* Study material:
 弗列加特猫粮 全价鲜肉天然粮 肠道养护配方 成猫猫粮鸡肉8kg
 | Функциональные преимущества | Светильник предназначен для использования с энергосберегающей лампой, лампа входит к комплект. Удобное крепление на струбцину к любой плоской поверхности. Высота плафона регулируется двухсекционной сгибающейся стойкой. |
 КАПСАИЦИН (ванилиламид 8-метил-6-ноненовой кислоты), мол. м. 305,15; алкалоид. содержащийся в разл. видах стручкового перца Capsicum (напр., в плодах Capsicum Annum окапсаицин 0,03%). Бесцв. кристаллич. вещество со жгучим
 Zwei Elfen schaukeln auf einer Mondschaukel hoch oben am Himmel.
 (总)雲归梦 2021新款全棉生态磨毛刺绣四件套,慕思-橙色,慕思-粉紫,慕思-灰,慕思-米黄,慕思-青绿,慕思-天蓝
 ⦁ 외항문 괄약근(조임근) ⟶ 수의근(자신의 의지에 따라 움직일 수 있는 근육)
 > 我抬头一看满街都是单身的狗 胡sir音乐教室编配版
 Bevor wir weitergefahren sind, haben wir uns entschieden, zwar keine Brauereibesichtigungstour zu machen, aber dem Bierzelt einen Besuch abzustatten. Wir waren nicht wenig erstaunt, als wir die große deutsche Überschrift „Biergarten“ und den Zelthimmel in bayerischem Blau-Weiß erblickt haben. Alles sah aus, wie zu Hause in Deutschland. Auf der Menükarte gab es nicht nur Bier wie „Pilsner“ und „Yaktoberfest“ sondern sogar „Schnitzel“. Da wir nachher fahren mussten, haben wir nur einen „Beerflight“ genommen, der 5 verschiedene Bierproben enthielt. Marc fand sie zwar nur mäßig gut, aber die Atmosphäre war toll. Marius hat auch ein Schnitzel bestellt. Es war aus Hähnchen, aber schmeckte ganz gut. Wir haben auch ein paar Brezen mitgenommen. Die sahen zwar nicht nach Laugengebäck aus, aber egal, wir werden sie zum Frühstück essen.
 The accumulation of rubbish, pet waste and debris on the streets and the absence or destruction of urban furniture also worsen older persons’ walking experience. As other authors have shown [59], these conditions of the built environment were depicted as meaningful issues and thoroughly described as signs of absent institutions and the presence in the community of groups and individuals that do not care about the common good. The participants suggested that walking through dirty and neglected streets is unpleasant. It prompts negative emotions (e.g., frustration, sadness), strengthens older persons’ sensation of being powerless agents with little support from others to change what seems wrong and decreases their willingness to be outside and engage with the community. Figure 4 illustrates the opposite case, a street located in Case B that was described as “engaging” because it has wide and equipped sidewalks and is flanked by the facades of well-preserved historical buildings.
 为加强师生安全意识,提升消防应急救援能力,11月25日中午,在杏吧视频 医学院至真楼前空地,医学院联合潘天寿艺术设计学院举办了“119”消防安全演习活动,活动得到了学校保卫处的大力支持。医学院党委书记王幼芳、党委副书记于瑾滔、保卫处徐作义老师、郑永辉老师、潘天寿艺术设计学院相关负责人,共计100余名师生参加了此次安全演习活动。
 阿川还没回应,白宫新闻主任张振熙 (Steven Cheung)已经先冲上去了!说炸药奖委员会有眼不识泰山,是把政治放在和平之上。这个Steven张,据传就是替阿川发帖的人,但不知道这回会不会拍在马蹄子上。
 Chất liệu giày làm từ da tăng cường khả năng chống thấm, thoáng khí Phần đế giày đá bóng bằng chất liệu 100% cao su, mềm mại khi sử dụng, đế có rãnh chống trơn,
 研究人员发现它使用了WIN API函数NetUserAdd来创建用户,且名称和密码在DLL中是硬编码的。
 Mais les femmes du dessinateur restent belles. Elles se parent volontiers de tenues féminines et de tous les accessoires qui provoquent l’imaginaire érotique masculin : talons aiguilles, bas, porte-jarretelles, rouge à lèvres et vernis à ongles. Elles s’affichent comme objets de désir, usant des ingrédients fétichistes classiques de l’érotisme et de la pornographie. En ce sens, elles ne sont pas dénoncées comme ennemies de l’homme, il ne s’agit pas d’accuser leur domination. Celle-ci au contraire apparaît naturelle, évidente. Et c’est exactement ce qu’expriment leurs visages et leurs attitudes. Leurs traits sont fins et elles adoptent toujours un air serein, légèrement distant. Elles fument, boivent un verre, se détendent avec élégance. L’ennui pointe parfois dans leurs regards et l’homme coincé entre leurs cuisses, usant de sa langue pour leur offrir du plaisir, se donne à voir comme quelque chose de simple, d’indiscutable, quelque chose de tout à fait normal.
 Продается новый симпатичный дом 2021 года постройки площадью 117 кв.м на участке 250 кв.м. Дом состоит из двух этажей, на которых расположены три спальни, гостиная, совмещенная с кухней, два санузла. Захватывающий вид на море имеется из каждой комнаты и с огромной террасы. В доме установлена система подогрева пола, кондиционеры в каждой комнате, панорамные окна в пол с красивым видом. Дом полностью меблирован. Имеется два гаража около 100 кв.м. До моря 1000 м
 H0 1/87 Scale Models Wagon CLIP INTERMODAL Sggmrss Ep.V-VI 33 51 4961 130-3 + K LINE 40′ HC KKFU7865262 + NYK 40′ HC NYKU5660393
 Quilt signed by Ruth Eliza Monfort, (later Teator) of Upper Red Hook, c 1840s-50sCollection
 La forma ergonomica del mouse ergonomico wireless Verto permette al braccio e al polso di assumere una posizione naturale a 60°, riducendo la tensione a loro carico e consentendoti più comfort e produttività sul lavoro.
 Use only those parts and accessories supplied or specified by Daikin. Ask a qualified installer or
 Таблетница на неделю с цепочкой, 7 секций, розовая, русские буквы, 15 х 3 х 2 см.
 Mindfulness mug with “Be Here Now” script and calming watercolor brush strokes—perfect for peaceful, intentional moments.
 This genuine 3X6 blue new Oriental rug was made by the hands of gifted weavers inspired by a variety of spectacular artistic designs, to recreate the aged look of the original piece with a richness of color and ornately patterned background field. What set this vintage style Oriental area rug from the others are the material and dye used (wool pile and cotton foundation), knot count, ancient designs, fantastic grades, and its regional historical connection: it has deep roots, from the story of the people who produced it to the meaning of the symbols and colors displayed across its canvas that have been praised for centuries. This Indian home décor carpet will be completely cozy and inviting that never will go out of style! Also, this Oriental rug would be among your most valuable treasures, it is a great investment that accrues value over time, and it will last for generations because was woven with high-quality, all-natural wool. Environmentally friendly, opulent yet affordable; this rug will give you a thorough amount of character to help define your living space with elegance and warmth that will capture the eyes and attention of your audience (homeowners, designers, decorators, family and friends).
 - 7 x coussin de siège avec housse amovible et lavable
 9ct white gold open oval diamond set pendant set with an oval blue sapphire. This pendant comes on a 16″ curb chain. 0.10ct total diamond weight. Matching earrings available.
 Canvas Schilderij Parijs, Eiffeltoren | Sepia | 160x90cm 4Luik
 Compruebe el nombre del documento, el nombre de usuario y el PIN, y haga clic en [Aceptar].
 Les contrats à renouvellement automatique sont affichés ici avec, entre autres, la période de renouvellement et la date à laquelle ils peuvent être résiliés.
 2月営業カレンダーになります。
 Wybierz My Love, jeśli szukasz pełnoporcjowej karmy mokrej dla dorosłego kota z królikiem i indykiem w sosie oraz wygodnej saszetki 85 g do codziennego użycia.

* What is required:
Copy word for word the stretch of entries above from the line that has "Use only those" through the line that has "Mindfulness mug with", both ends included, and nothing outside it.

* Answer to this task:
 Use only those parts and accessories supplied or specified by Daikin. Ask a qualified installer or
 Таблетница на неделю с цепочкой, 7 секций, розовая, русские буквы, 15 х 3 х 2 см.
 Mindfulness mug with “Be Here Now” script and calming watercolor brush strokes—perfect for peaceful, intentional moments.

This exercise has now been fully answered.